The pre-processing step resulted in a dataset of 340 images. Data augmentation: To avoid overfitting of the models, and to enable better generalization, data augmentation techniques were applied. Utilizing the transformation package from PyTorch (22), we augmented the images by introducing random resizing crops and horizontal flips. These augmentation steps effectively doubled the size of our dataset. Embeddings were obtained from images to examine the feature-space relationship between original and augmented samples. Dimensionality reduction methods like PCA and t-SNE were applied to facilitate a clear comparison, independent of task-specific model inference. The visualizations (Figures 3, 4) reveal strong overlap between original and augmented data distributions, suggesting that augmentations have minimal impact on feature-level representations.

Figure 3

Figure 3. The result of the Principal Component Analysis on the original and augemented data used for training.

Figure 4

Scatter plot showing t-SNE visualization of original (blue) and augmented (orange) data points. Points are spread across the plot, indicating clustering differences between the two datasets.

Figure 4. The result of the t-Distributed Stochastic Neighbor Embedding on the original and augemented data used for training.

Split dataset: The dataset was split into training, validation, and test set, with a 0.7/0.2/0.1 split.

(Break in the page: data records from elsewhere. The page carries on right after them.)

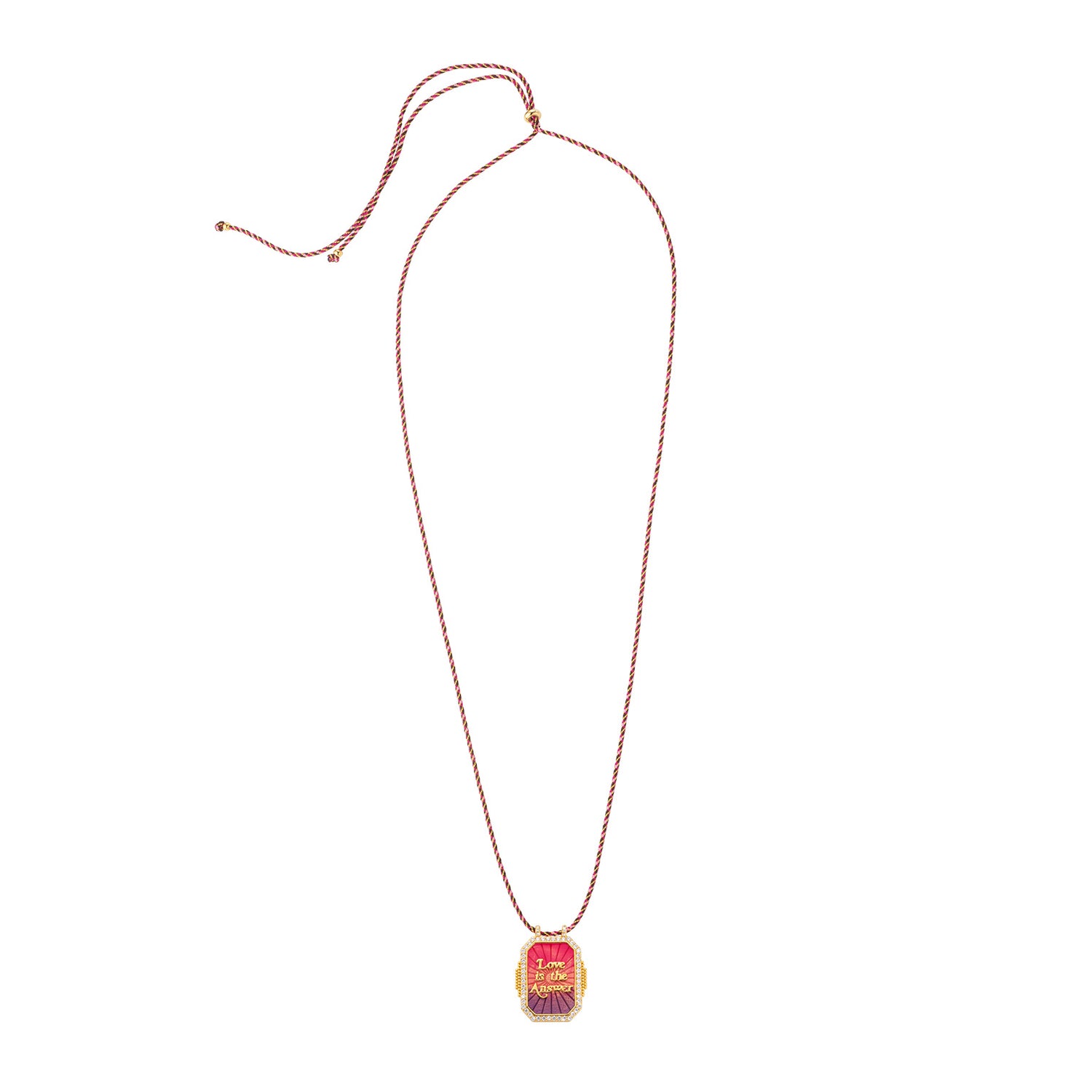 Its fuchsia and violet enamel plate is engraved with the words "Love is the answer", radiating positive energy with every wear. Finished with a braided cord in matching hues, it brings a carefree touch to any look and the perfect gift!
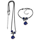 This must-have Boise St. Broncos look features the wildly popular euro bead style teamed with eye catching team charms. This set comes with a fashionable snake chain bracelet and 18 inch necklace both featuring a variety of team colored euro beads and rhinestone beads for classy look that outshines the average fan jewelry. This high quality set is great for game-day but a fan's going to want to show off this set everyday!Officially licensed College product Licensee: Siskiyou Buckle. Featuring the wildly popular euro beads on an 18 inch necklace and matching bracelet. High quality jewelry at a great price. On trend look paired with a sporty twist, featuring a fully cast metal team charm with enameled details. Boise St. Broncos ladies these necklace and bracelet sets are the perfect game-day outfit accessory
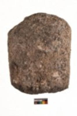 | Description / विवरण | Specimen of a roughly rectangular shaped saddle quern. It is dark brown in colour and coarse texture of surface. It has flat base. |
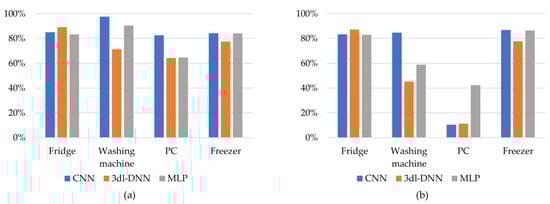 The analysis of the results achieved by the DNN models shows that the highest precision occurred when estimating the electricity consumption generated by the washing machine. Both the CNN and MLP obtained similar accuracy of estimation. High precision estimation was obtained by all models for fridge electricity consumption. The reasons for this are to be found mainly in the cyclicality of the appliance’s activity, as well as the availability of numerous patterns (at night, devices such as personal computers or washing machines are hardly ever active—similar observations were made by Parson et al. []). The worst results were achieved by modelling the energy consumption of the personal computer. It should be assumed that, in addition to the difficulty in creating time patterns of activity using ANNs, this is due to the fact that electricity demand is low in relation to total electricity consumption (Figure 10). Only the CNN was able to obtain acceptable values of accuracy. This could be attributed to the CNN’s ability to recognise complex patterns, as well as its use of input data from a longer time range (five delayed ten-minute intervals). It should be noted, however, that the low value of F1-Measure was caused by a large number of incorrectly classified cases of personal computer activity, which was recognised as inactive. The opposite estimation error characterised the results obtained by the MLP.
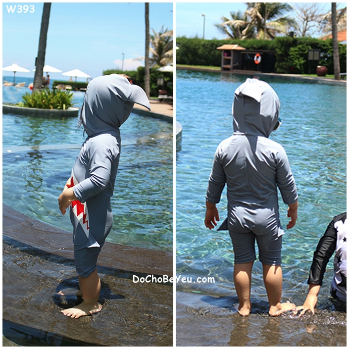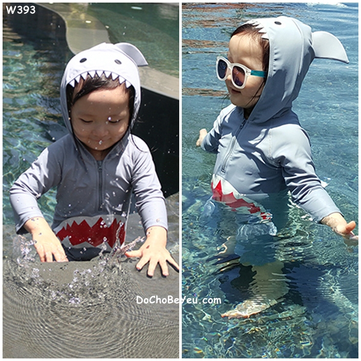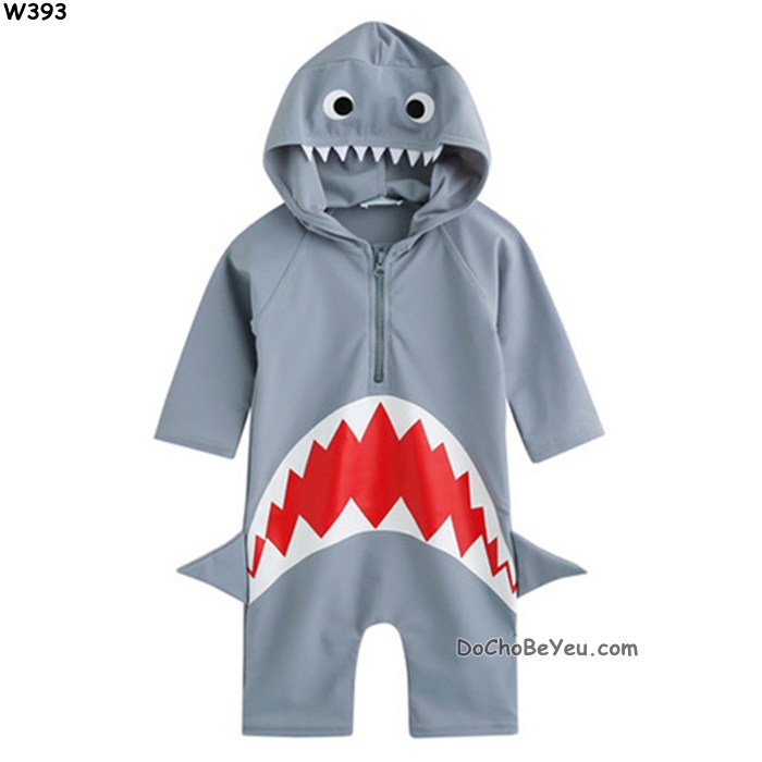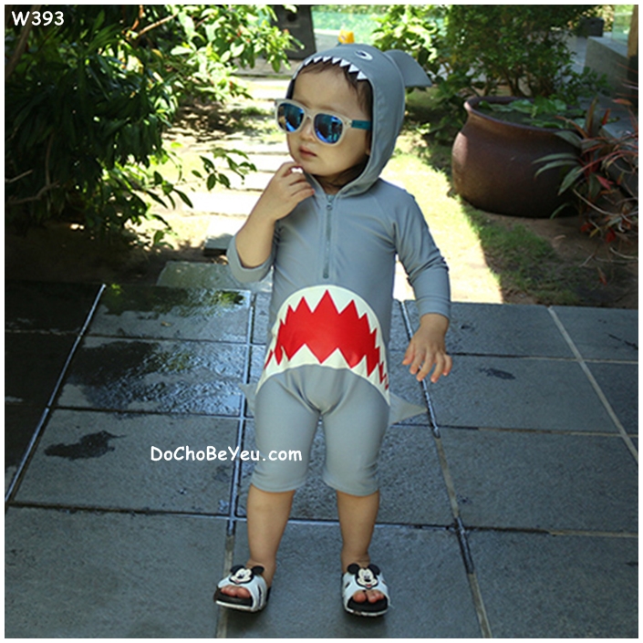 - Đồ bơi cho bé trai quần liền thân mẫu cá mập có nón và 2 chiếc vây ngộ nghĩnh 2 bên. Size 1-6 tuổi.
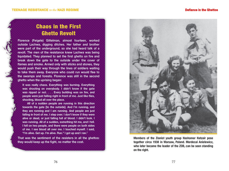 Both Jewish and Gentile teens played a key role in resisting the Nazi regime. Students will learn first-hand of the different resistance groups in Nazi Germany, from the anti-authoritarian pranksters Edelweiss Pirates to the communist Baum Group to the anti-fascist Christians of The White Rose. This book also examines resistance outside of Germany. While Western European countries focused on military resistance and rescuing children, resistance in Eastern Europe primarily meant survival, as Aryan-looking Jews became couriers carrying badly-needed food to those in need. Students may be inspired toward high-level ethical discussions of the role children played in certain resistance activities and the impossible choices faced by those embroiled in guerrilla warfare in the forests of Eastern Europe.
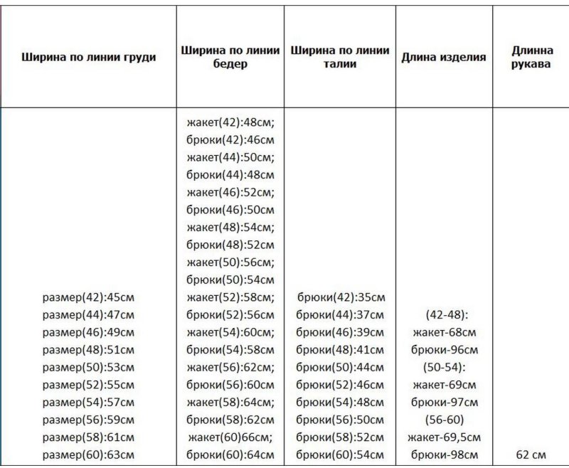 жакет(42):48см; брюки(42):46см жакет(44):50см; брюки(44):48см жакет(46):52см; брюки(46):50см жакет(48):54см; брюки(48):52см жакет(50):56см; брюки(50):54см жакет(52):58см; брюки(52):56см жакет(54):60см; брюки(54):58см жакет(56):62см; брюки(56):60см жакет(58):64см; брюки(58):62см жакет(60)66см; брюки(60):64см

3.2 Block 2: transformer-based image segmentation

We adopted and implemented the transformer-based segmentation architecture, called SegFormer (19), for our LarynxFormer framework. The architecture is based on the vision transformer (23). In the next subsection, we explain how the transformer-based segmentation of the LarynxFormer works, the training process of our methods, and how the models are evaluated.

3.2.1 Model architecture

The segmentation block of the LarynxFormer is a simple and efficient architecture. The architecture (see Figure 5) includes two main components, an encoder and a decoder (19). The encoder generates both high-resolution coarse features and low-resolution fine features. These CNN-like features often boost segmentation performance. These features are combined in the decoder using a lightweight MLP decoder to produce the final segmentation.

Figure 5

Diagram of a Transformer network architecture with an encoder-decoder structure. The encoder consists of hierarchical layers processing dimensions from \$H/4 \\times W/4 \\times C_1\$ to \$H/32 \\times W/32 \\times C_4\$, using overlap patch embeddings and transformer blocks. Each block includes efficient self-attention, Mix-Feed Forward networks, and overlap patch merging. The decoder reconstructs data from \$H/32 \\times W/32 \\times C_4\$ to \$H/4 \\times W/4 \\times C_1\$, using a Multi-Layer Perceptron layer and upsampling. The focus is on computational efficiency and data transformation.

Figure 5. LarynxFormer transformer-based segmentation architecture. Describes the structure of the encoder and decoder. The encoder is responsible for feature extraction, while the decoder performs the segmentation mask prediction (19). H, height; W, width; C, channels; MLP, multi-layer perceptron; Mix-FFN, mix feed-forward network.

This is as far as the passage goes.